Parents play a key role in helping kids define and establish healthy relationships, and can also keep an eye out for signs that their child might be in an abusive relationship. Changes in behavior and rejecting friends to spend more time with a boyfriend or girlfriend are key indicators. That’s why it’s crucial for parents to always know where their teens are and who they are with, and that they get to know their teen’s friends and boyfriend or girlfriend.
School-based sex education programs also help young people to distinguish between healthy and unhealthy relationships and to build the skills they need to help them avoid violent relationships. Hundreds of studies have shown that comprehensive sex education programs have had measurable success helping young people wait to have sex, use condoms and other forms of birth control when they become sexually active, and limit the number of partners they have. These programs also include guidance for setting healthy boundaries, including the ability to say no to sex and establishing positive, respectful relationships. Relationships are complex, and young people need consistent guidance on developing healthy ones.
Unfortunately, schools are pressed to focus their time on standardized test preparation, making health education a low priority. But without good sex education that consistently teaches young people how to communicate, negotiate, and deal with conflict in relationships, we leave them vulnerable to abuse.
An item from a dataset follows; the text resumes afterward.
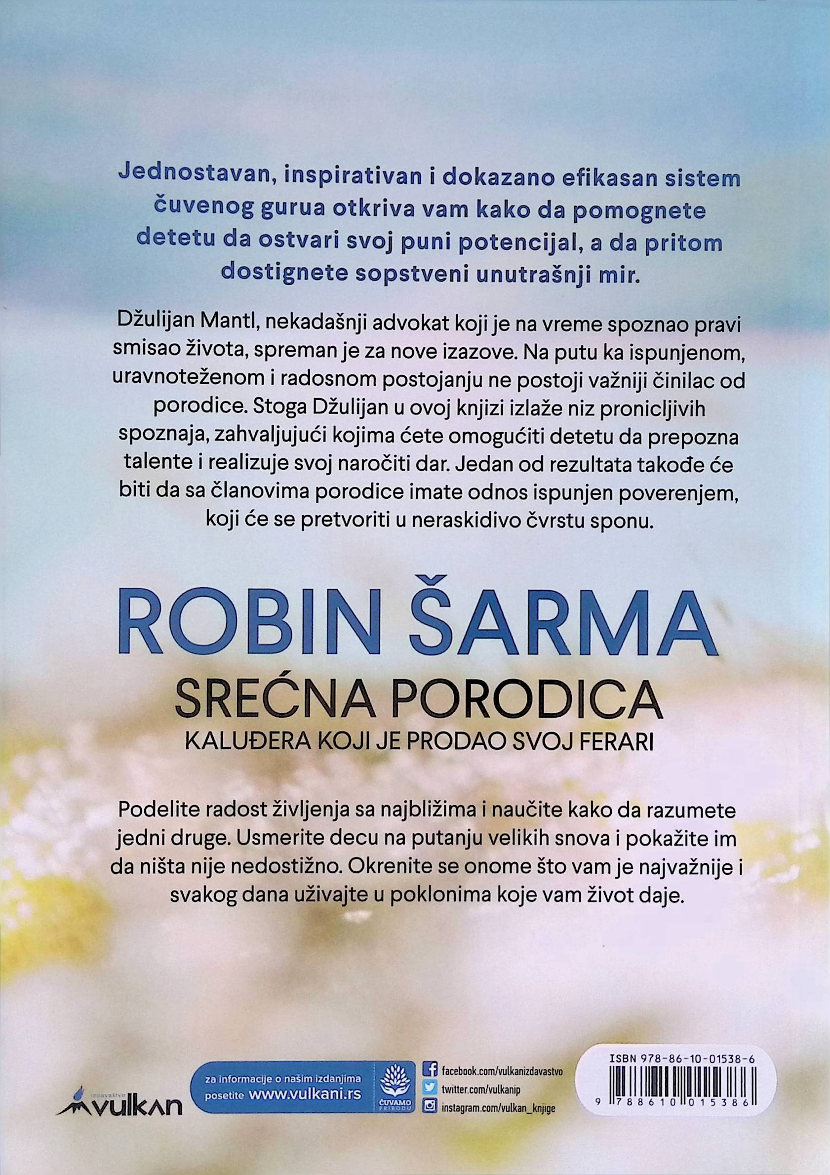 Džulijan Mantl, nekadašnji advokat koji je na vreme spoznao pravi smisao života, spreman je za nove izazove. Ovoga puta se ti izazovi odnose na porodicu, a porodica je ono najvažnije. Zbog toga Džulijan u ovoj knjizi izlaže niz pronicljivih spoznaja, zahvaljujući kojima ćete omogućiti detetu da prepozna talente i realizuje svoj naročiti dar. Jedan od rezultata takođe će biti da sa članovima porodice imate odnos ispunjen poverenjem, koji će se pretvoriti u neraskidivo čvrstu sponu.

It’s alarming that so many young people are the victims of abusive relationships, but there is much we can do to combat this problem. It is critical that as a society we focus our attention on helping young people get more guidance on healthy relationships and advocate for more comprehensive sex education in schools. Bottom line: there needs to be more than just a single conversation about healthy relationships; this should be addressed consistently over many years.